Impact sur le marché crypto : un test des narratifs
La réaction du marché des cryptomonnaies mettra à l’épreuve son identité macroéconomique en évolution. Dans le scénario de base de réduction progressive, l’environnement est structurellement haussier mais volatile. Des yields réels plus faibles renforcent l’attrait des actifs numériques rares et sans rendement comme le Bitcoin, et des conditions financières plus faciles augmentent la liquidité systémique, dont une partie trouve historiquement son chemin vers la crypto. Cependant, dans ce scénario, la crypto restera probablement corrélée aux indices technologiques comme le Nasdaq, connaissant une croissance positive mais pas parabolique. Le scénario de réduction accélérée présente une dynamique complexe en deux phases. Initialement, la crypto plongerait dans une liquidation large, risquée, aux côtés des actions, car son récit d’« actif risqué » domine. L’incertitude clé est de savoir si une phase suivante émergera où les récits de « or numérique » de Bitcoin et de valeur refuge institutionnelle gagneraient du terrain, se décorrélant potentiellement des actions si les réductions sont motivées par une crise de confiance dans la finance traditionnelle. Ce découplage n’est pas garanti mais constitue une bataille narrative clé pour 2026. Enfin, une Fed « en attente » serait difficile pour la crypto, car des taux élevés drainent la liquidité et rendent l’effet de levier coûteux, menant probablement à une fourchette de marché latérale ou en baisse, limitée par des catalyseurs sporadiques et internes comme les flux ETF.

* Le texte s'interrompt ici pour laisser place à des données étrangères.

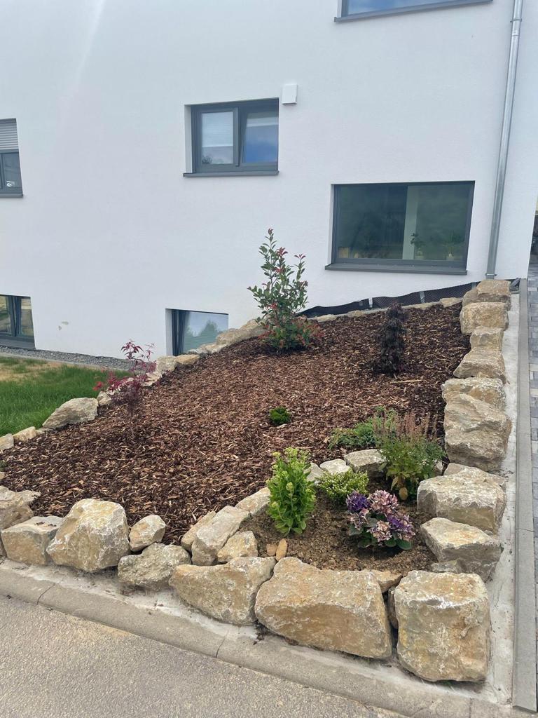 Und wieder ein sehr guter Eintrag bei den Brüdern Vukovic. Vielen Dank Euch für Eure richtig gute Arbeit bei uns! Ihr habt Euch unsere Wünsche und Fragen angehört, habt uns beraten und nun sind wir mehr als zufrieden mit dem Ergebnis. Trockensteinmauern, L-Steine und Rabatten genau nach Plan als Vorbereitung für die Holzterrasse wurden gesetzt, Dränagerohre verlegt, Erde im Garten modelliert und die Garage und Einfahrt gepflastert. Die Arbeiten gingen sehr, sehr zügig voran und waren nach 8 Arbeitstagen erledigt.

Synthèse et positionnement prospectif
En synthèse de ces points de vue, mon cadre se prépare à un environnement de « Normalisation lente » en 2026. L’approche tactique consiste à augmenter progressivement la duration dans les portefeuilles obligataires via des instruments comme les Treasuries à maturité intermédiaire pour se positionner en vue de la courbe de rendement pentue. En actions, la stratégie privilégie une rotation vers la qualité et les secteurs cycliques tout en conservant une allocation centrale vers la technologie. La cryptomonnaie est traitée comme une position de couverture stratégique, non corrélée, accumulée lors de périodes de faiblesse avec un horizon pluriannuel, en tenant compte de sa forte volatilité à court terme. Les indicateurs clés à surveiller seront les spreads de crédit pour détecter précocement des signes de stress financier, la composante logement de l’IPC mensuel comme indicateur d’inflation persistante, et l’indice du dollar américain (DXY), car un dollar fort durant un cycle de réduction pourrait compliquer la gestion multi-actifs. En résumé, 2026 sera l’année où la Fed naviguera la dernière descente de « plus haut pour plus longtemps ». La vitesse de cette descente déterminera le leadership des classes d’actifs : des réductions graduelles favorisent un scénario Goldilocks pour des portefeuilles diversifiés, des réductions accélérées créent un rallye obligataire suivi d’opportunités sélectives en actions, et un maintien prolongé rendra la liquidité stratégique.